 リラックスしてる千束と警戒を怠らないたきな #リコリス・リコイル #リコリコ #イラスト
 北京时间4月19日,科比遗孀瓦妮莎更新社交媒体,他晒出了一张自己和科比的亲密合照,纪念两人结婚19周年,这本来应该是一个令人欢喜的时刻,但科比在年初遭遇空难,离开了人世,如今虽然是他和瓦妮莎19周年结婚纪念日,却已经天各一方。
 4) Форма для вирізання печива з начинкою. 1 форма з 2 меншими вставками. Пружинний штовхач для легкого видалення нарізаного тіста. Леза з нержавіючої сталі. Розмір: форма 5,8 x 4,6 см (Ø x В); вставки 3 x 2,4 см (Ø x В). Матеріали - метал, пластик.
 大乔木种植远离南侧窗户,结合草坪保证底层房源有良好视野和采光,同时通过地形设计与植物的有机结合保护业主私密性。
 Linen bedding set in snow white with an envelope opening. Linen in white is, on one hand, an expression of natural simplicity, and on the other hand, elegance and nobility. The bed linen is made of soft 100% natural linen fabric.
──────────────────────────────
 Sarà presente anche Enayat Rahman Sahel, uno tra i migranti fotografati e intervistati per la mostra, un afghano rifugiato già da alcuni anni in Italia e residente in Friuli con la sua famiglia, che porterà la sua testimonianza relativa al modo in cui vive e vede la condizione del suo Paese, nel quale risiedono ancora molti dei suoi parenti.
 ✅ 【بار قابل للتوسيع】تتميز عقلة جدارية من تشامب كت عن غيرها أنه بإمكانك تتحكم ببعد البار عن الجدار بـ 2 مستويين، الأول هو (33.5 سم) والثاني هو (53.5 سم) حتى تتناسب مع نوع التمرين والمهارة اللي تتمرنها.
──────────────────────────────
Goal of the exercise - Here the output must be the lines above from the line with "4) Форма для" to the line with "大乔木种植远离南侧窗户,结合", both included, duplicated word for word and nothing else.

Answer space -
 4) Форма для вирізання печива з начинкою. 1 форма з 2 меншими вставками. Пружинний штовхач для легкого видалення нарізаного тіста. Леза з нержавіючої сталі. Розмір: форма 5,8 x 4,6 см (Ø x В); вставки 3 x 2,4 см (Ø x В). Матеріали - метал, пластик.
 大乔木种植远离南侧窗户,结合草坪保证底层房源有良好视野和采光,同时通过地形设计与植物的有机结合保护业主私密性。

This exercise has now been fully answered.